How has NC State supported your entrepreneurial efforts?
We recently invented a bedbug trap, and we couldn’t have done it without NC State. The resources at NC State – from testing with all kinds of high-end equipment to look at the science behind what we’re doing, the consultations around working on lures to attract bedbugs, to the electronic design and engineering, everything – it’s been unbelievable.

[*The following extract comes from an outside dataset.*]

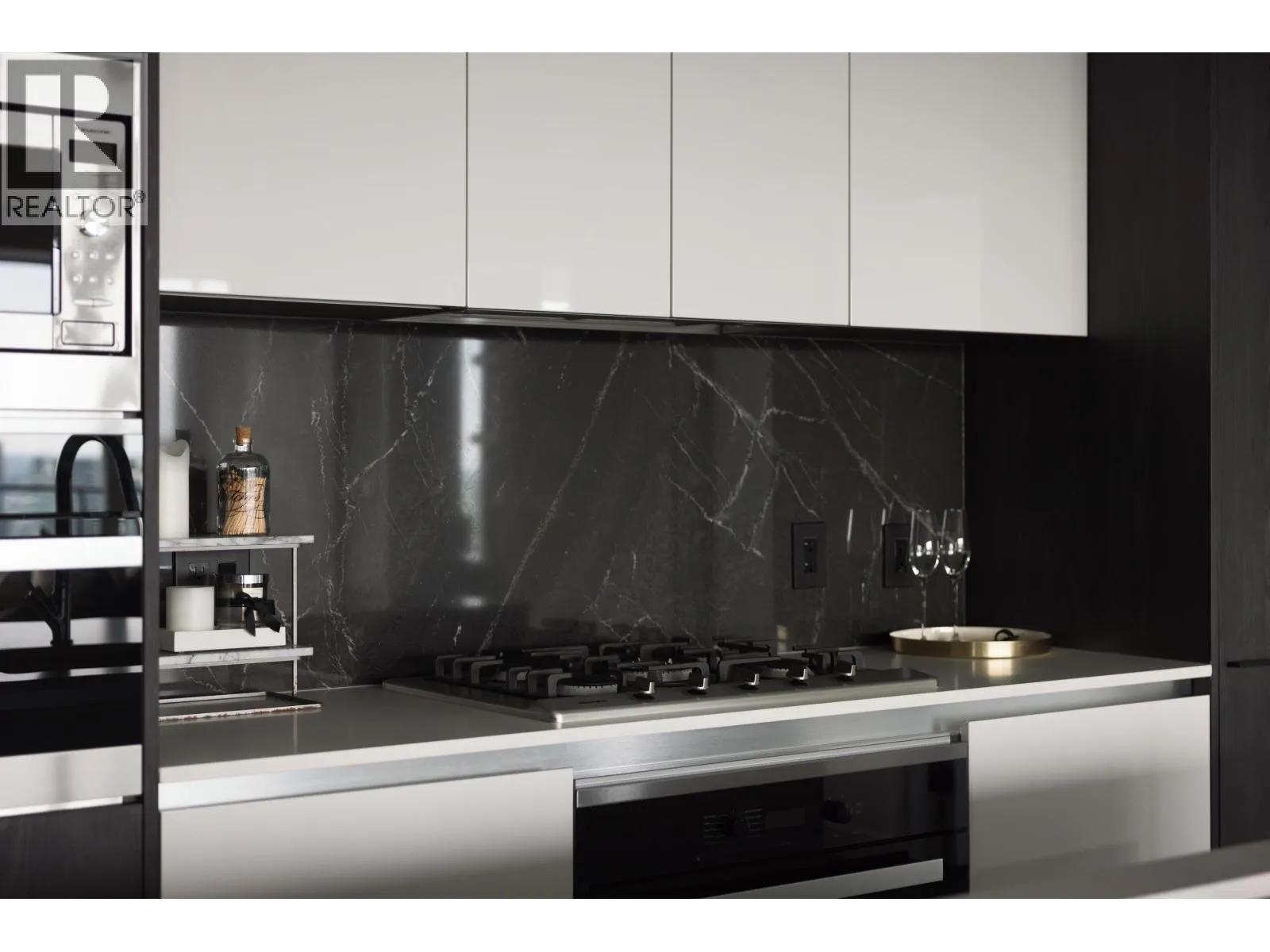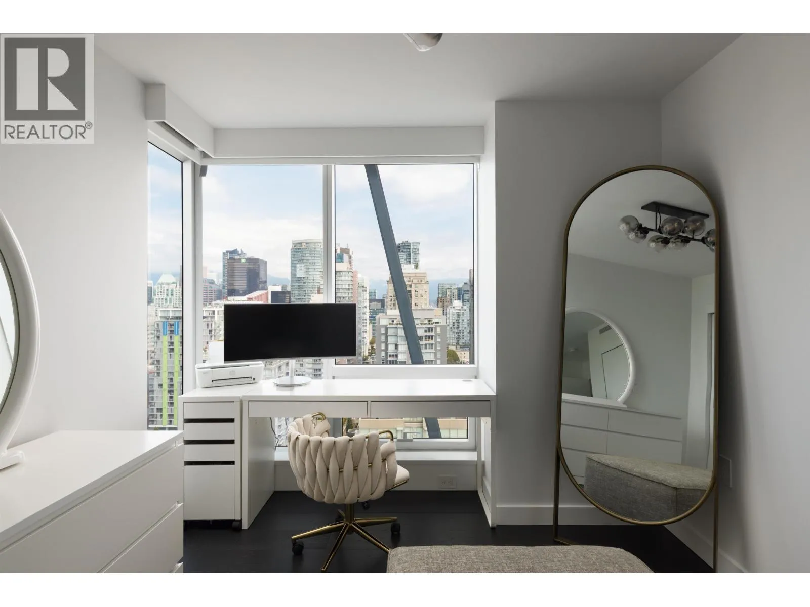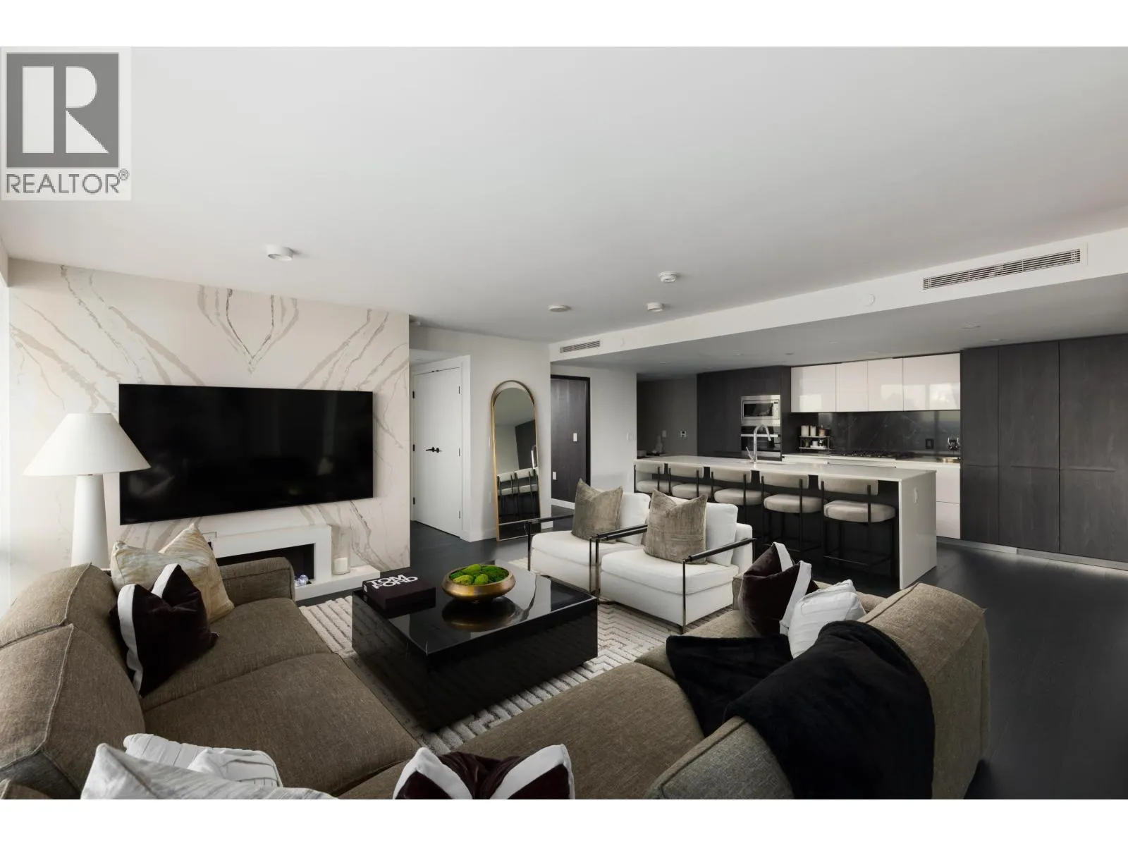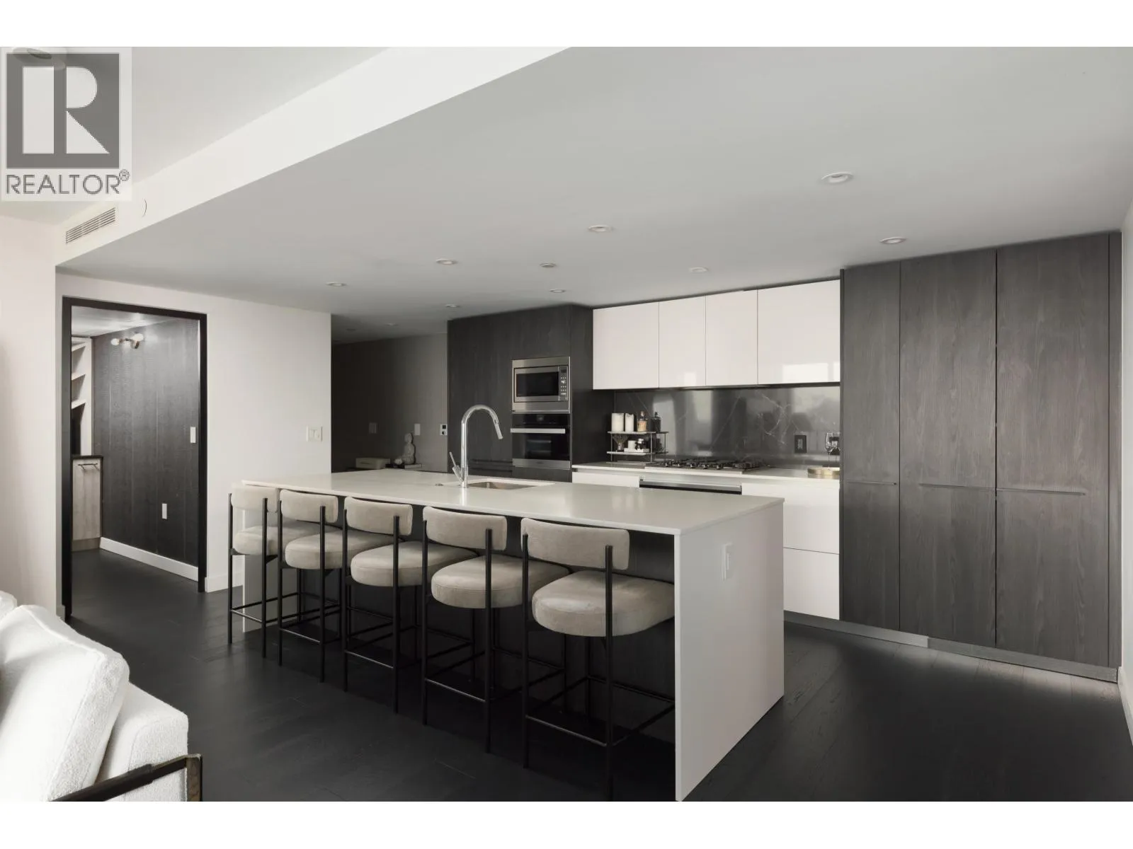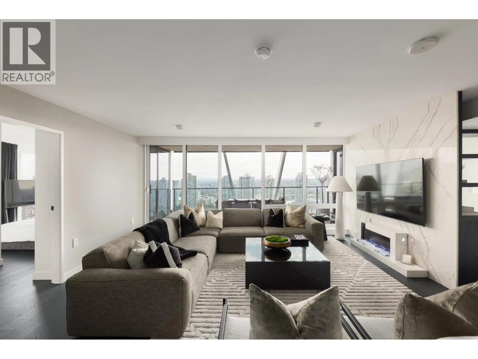 Elevated & updated corner home at 8X on the Park with panoramic views of False Creek, city, and mountains. This refined 3 bed, 2 bath residence features a 10ft natural stone island, integrated Miele appliances, custom millwork, powered blinds, and floor-to-ceiling windows. The open plan flows to an oversized covered patio with herringbone wood decking. Elegant bedrooms, a reimagined walk-in closet, engineered hardwood, natural tile, & A/C throughout complete the home. Includes 2 side-by-side parking, storage, and bike locker. Enjoy world-class amenities: concierge, fitness centre, and rooftop oasis. A rare, turnkey offering in one of Vancouver's premier buildings. (id:27476)

The biggest thing out of all of this is NC State’s ability to build a workforce of young, very smart, highly trained students who are on the cutting edge of technology. We could not have created the company we did without the talent pool that NC State offers. Almost all of our younger employees were at NC State, either working on their PhD or Master’s degrees – or undergrads moonlighting after class. So the resources and the ability for us to be successful are directly correlated to having NC State in our area. If our company was Macon, Georgia, for example, we wouldn’t have been successful with launching our product. The talent pool is here in Raleigh for us to do what we wanted to do because of NC State.
Why do you give back?
I’ve been very fortunate to be on the receiving end from NC State for a lot of the things I’ve been able to do with my life, from my farm, to growing a technology company to stop bedbugs, to being involved with the landscape architects at NC State. It’s changed my whole life. I’ve spent 30 years in the highest levels of landscape design because of Tracy Traer, who walks me through my yard and tells me about plants and what the genus names are and why they grow there. That enriches my life, and it’s all directly connected to NC State.
What higher ed institutions bring to our quality of life is just incredible. Whether you went to this university or not, it’s important to support research efforts that support your quality of life.